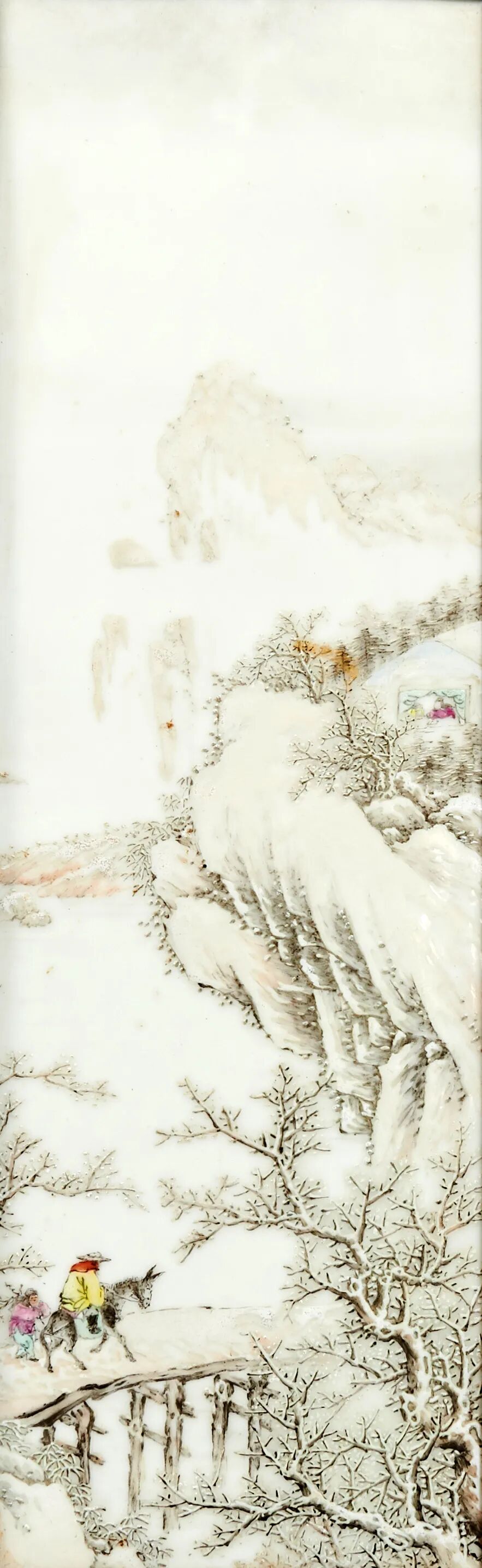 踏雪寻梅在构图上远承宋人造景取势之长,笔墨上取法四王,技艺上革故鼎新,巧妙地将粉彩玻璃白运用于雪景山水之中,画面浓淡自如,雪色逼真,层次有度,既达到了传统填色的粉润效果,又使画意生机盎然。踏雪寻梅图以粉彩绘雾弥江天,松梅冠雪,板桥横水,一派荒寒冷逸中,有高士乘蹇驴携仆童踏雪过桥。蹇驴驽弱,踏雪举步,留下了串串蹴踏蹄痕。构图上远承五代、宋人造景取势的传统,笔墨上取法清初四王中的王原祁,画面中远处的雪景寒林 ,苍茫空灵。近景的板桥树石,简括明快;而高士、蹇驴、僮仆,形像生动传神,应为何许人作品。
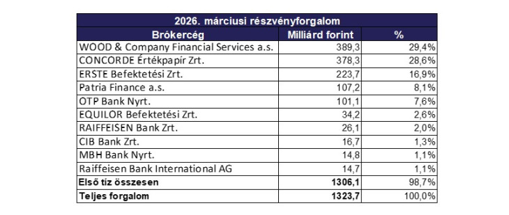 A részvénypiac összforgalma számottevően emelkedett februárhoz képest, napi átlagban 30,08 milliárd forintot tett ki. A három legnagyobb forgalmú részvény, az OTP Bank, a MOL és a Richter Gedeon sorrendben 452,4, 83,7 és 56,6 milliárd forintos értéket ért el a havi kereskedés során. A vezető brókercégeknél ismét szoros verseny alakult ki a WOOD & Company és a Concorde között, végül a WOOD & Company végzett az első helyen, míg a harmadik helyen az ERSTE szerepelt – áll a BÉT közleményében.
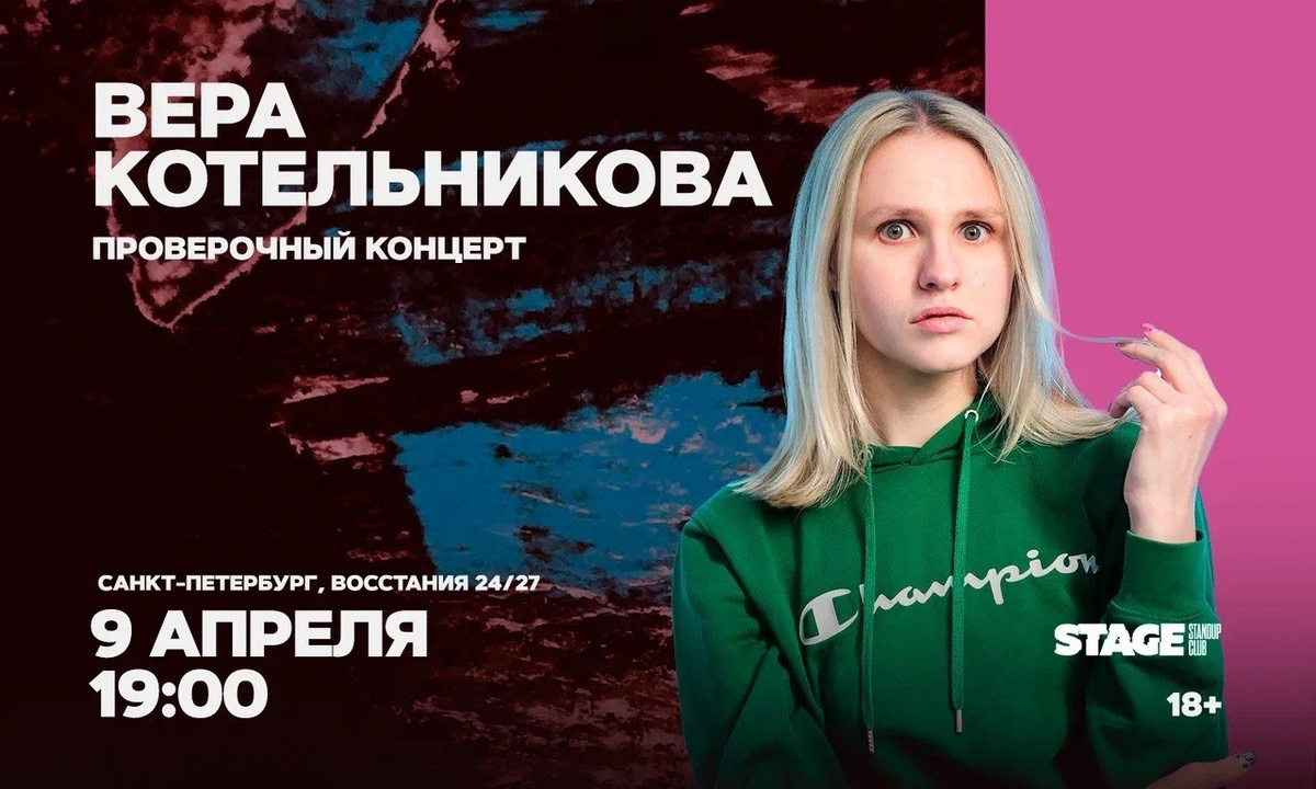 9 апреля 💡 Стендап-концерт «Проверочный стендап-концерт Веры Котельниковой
■ ■ ■ ■
- **What you will do**
Please copy the data above exactly, omitting the pictures.

- **Solution**
 踏雪寻梅在构图上远承宋人造景取势之长,笔墨上取法四王,技艺上革故鼎新,巧妙地将粉彩玻璃白运用于雪景山水之中,画面浓淡自如,雪色逼真,层次有度,既达到了传统填色的粉润效果,又使画意生机盎然。踏雪寻梅图以粉彩绘雾弥江天,松梅冠雪,板桥横水,一派荒寒冷逸中,有高士乘蹇驴携仆童踏雪过桥。蹇驴驽弱,踏雪举步,留下了串串蹴踏蹄痕。构图上远承五代、宋人造景取势的传统,笔墨上取法清初四王中的王原祁,画面中远处的雪景寒林 ,苍茫空灵。近景的板桥树石,简括明快;而高士、蹇驴、僮仆,形像生动传神,应为何许人作品。
 A részvénypiac összforgalma számottevően emelkedett februárhoz képest, napi átlagban 30,08 milliárd forintot tett ki. A három legnagyobb forgalmú részvény, az OTP Bank, a MOL és a Richter Gedeon sorrendben 452,4, 83,7 és 56,6 milliárd forintos értéket ért el a havi kereskedés során. A vezető brókercégeknél ismét szoros verseny alakult ki a WOOD & Company és a Concorde között, végül a WOOD & Company végzett az első helyen, míg a harmadik helyen az ERSTE szerepelt – áll a BÉT közleményében.
 9 апреля 💡 Стендап-концерт «Проверочный стендап-концерт Веры Котельниковой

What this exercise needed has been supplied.